[Action item]
In the records below, find the line with "server.js 파일 안에", then retype it and every following line exactly, stopping after the line with "党支部书记张保生同志带领全体". Leave the pictures out.

[Records to process Boundary: Start]

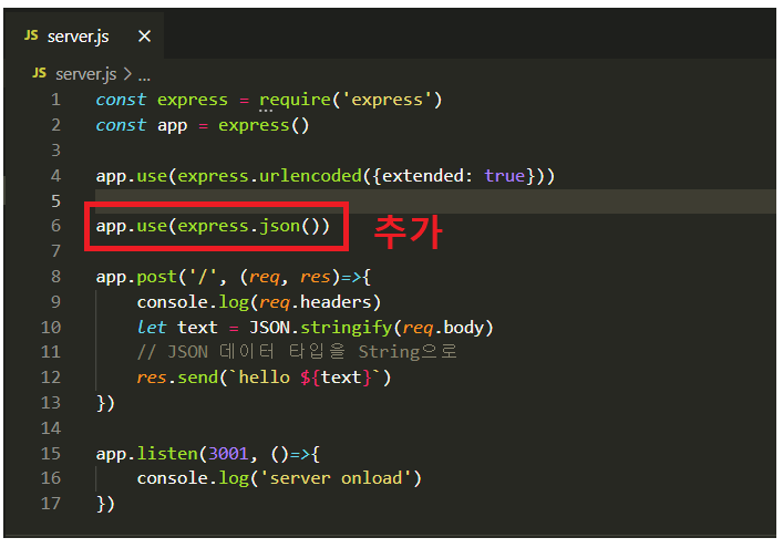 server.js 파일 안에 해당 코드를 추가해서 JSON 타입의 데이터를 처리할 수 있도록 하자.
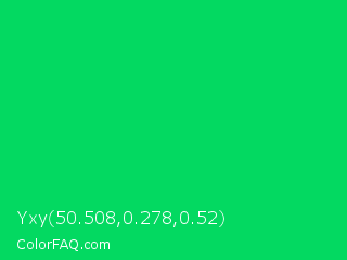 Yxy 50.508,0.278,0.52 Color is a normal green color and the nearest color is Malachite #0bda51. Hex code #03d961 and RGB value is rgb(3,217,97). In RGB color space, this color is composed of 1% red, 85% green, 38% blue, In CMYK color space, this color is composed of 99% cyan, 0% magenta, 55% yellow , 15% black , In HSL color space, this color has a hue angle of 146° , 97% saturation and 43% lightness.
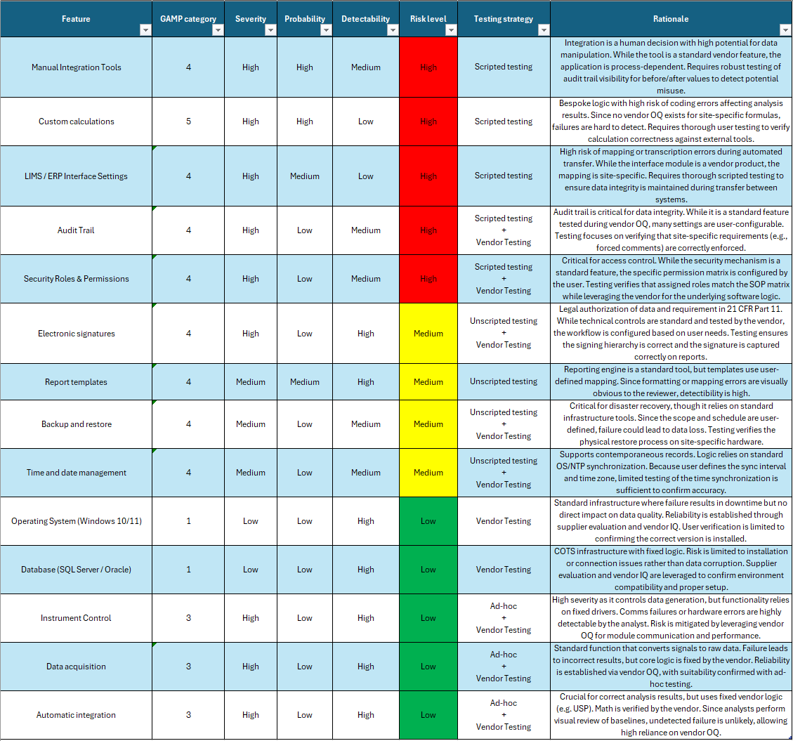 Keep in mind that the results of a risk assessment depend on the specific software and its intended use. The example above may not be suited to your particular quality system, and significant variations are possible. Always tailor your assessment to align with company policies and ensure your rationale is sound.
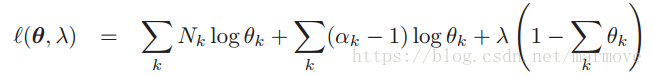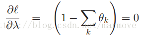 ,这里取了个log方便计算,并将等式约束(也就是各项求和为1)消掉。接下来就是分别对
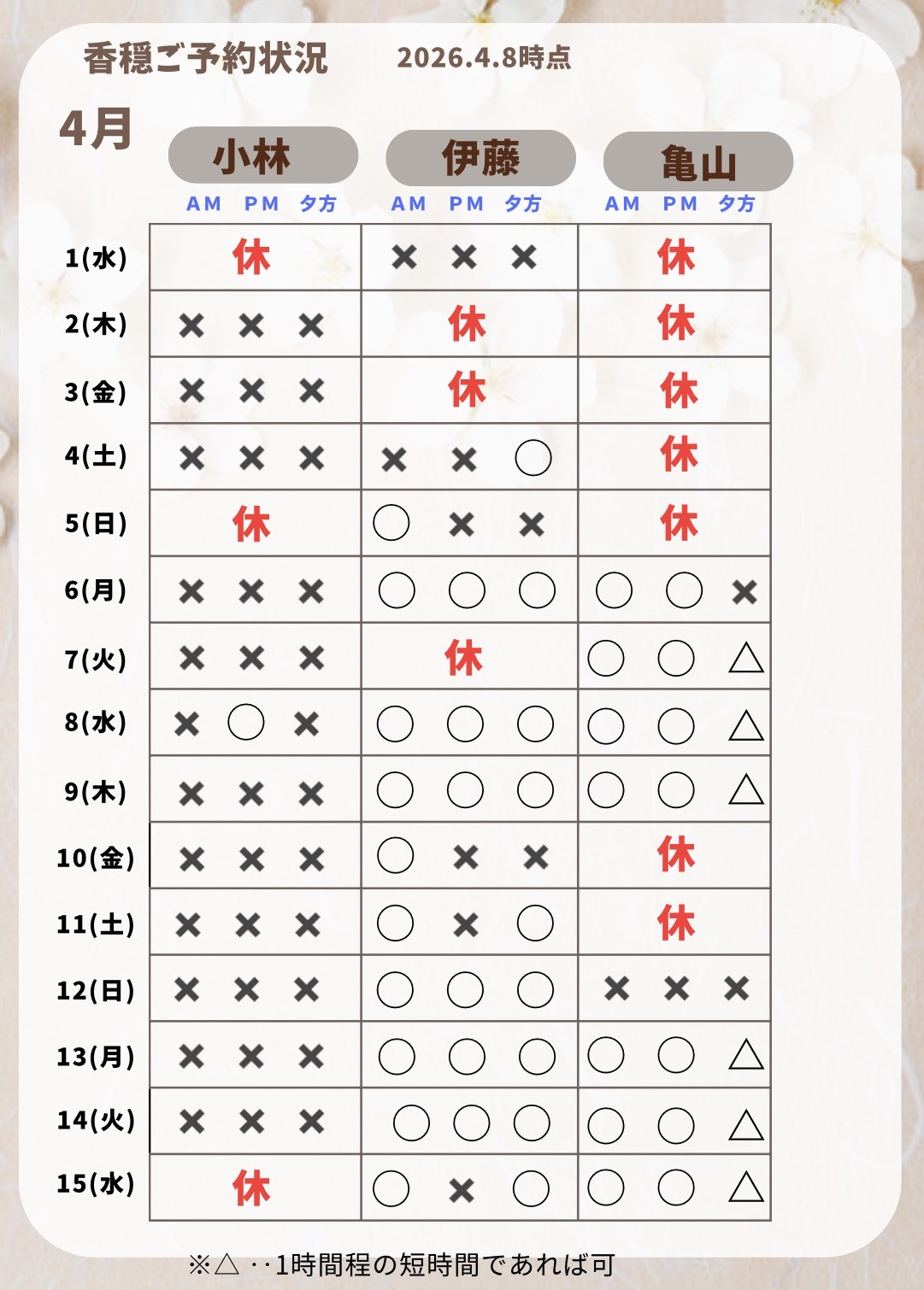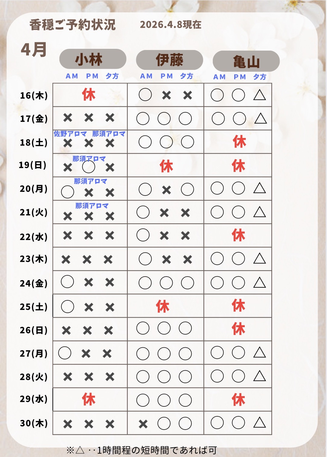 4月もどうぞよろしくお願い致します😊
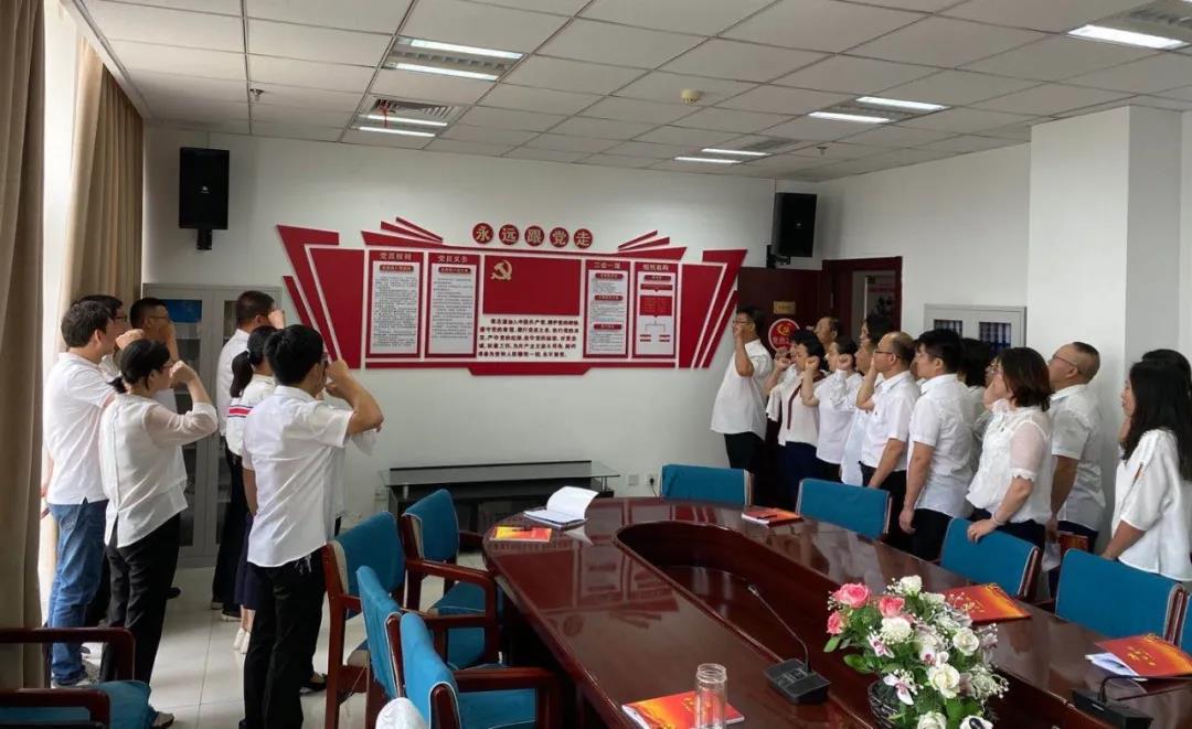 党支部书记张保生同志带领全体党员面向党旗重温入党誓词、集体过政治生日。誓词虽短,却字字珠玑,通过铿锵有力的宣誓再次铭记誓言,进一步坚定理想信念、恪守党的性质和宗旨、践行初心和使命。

[Records to process Boundary: End]
[Records to process Boundary: Start]

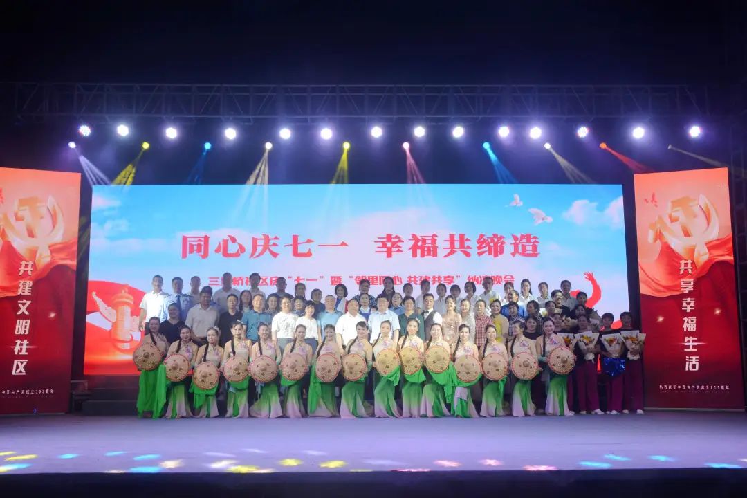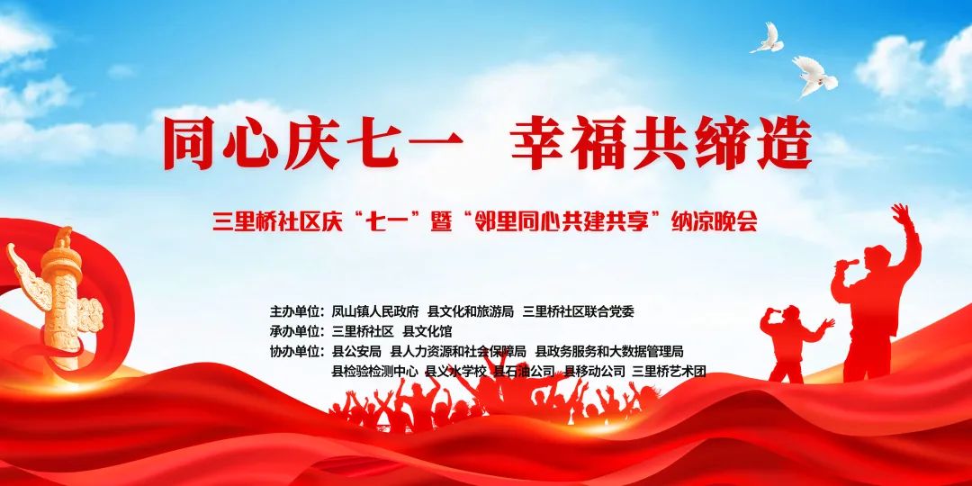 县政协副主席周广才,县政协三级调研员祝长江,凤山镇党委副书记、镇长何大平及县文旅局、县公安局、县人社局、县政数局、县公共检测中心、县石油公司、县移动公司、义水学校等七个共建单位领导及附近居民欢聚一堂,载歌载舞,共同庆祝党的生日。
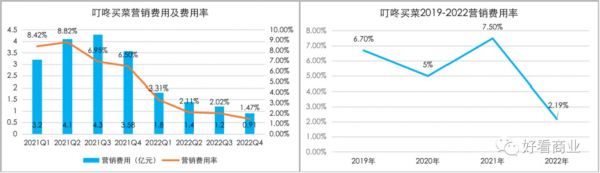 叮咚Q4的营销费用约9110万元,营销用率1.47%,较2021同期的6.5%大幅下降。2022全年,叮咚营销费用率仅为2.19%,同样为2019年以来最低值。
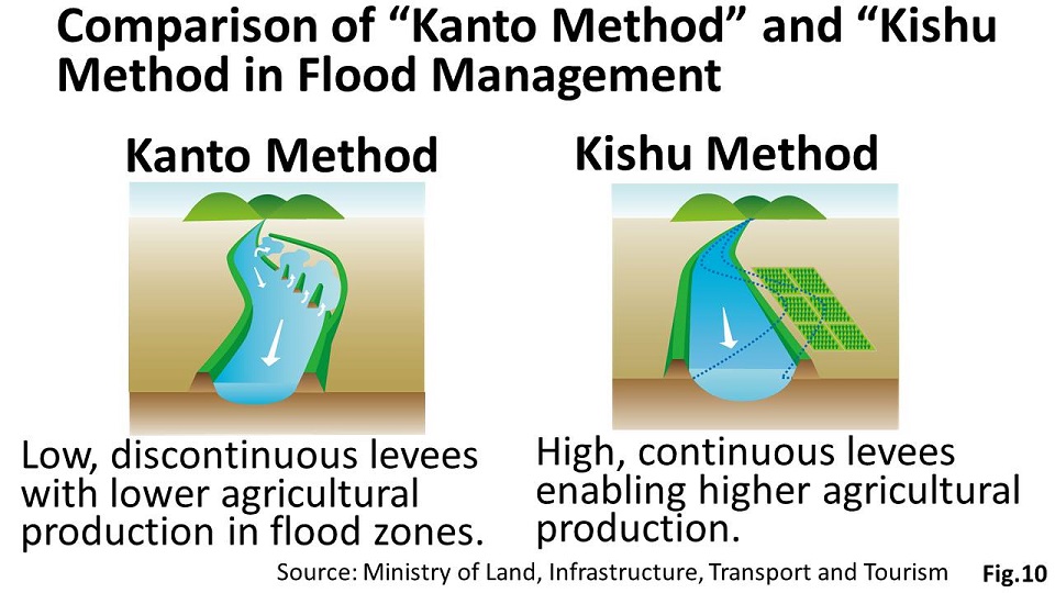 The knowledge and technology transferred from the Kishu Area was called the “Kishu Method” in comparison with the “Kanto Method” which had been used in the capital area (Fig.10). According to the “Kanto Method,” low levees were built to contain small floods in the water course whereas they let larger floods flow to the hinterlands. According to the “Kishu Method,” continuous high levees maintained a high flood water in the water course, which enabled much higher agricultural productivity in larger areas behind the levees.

[Records to process Boundary: End]
[Records to process Boundary: Start]

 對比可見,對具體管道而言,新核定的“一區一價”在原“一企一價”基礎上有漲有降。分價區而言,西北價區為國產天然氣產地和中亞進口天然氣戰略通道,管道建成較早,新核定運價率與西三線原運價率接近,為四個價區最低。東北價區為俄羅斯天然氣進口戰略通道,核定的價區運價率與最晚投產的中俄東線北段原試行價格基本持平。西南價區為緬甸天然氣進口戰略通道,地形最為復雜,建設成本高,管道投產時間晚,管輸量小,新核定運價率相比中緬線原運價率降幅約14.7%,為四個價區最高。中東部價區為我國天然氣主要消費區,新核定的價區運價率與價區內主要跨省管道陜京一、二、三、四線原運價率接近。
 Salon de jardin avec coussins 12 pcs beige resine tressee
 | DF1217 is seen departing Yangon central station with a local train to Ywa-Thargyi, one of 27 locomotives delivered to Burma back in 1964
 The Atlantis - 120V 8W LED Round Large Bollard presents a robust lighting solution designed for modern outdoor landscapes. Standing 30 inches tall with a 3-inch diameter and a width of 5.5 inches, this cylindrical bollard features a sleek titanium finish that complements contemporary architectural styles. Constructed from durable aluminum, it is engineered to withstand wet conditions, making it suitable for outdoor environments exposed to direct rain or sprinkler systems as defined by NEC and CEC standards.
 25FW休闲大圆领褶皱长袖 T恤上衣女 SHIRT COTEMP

[Records to process Boundary: End]

[Task response]
 server.js 파일 안에 해당 코드를 추가해서 JSON 타입의 데이터를 처리할 수 있도록 하자.
 Yxy 50.508,0.278,0.52 Color is a normal green color and the nearest color is Malachite #0bda51. Hex code #03d961 and RGB value is rgb(3,217,97). In RGB color space, this color is composed of 1% red, 85% green, 38% blue, In CMYK color space, this color is composed of 99% cyan, 0% magenta, 55% yellow , 15% black , In HSL color space, this color has a hue angle of 146° , 97% saturation and 43% lightness.
 Keep in mind that the results of a risk assessment depend on the specific software and its intended use. The example above may not be suited to your particular quality system, and significant variations are possible. Always tailor your assessment to align with company policies and ensure your rationale is sound.
 ,这里取了个log方便计算,并将等式约束(也就是各项求和为1)消掉。接下来就是分别对
 4月もどうぞよろしくお願い致します😊
 党支部书记张保生同志带领全体党员面向党旗重温入党誓词、集体过政治生日。誓词虽短,却字字珠玑,通过铿锵有力的宣誓再次铭记誓言,进一步坚定理想信念、恪守党的性质和宗旨、践行初心和使命。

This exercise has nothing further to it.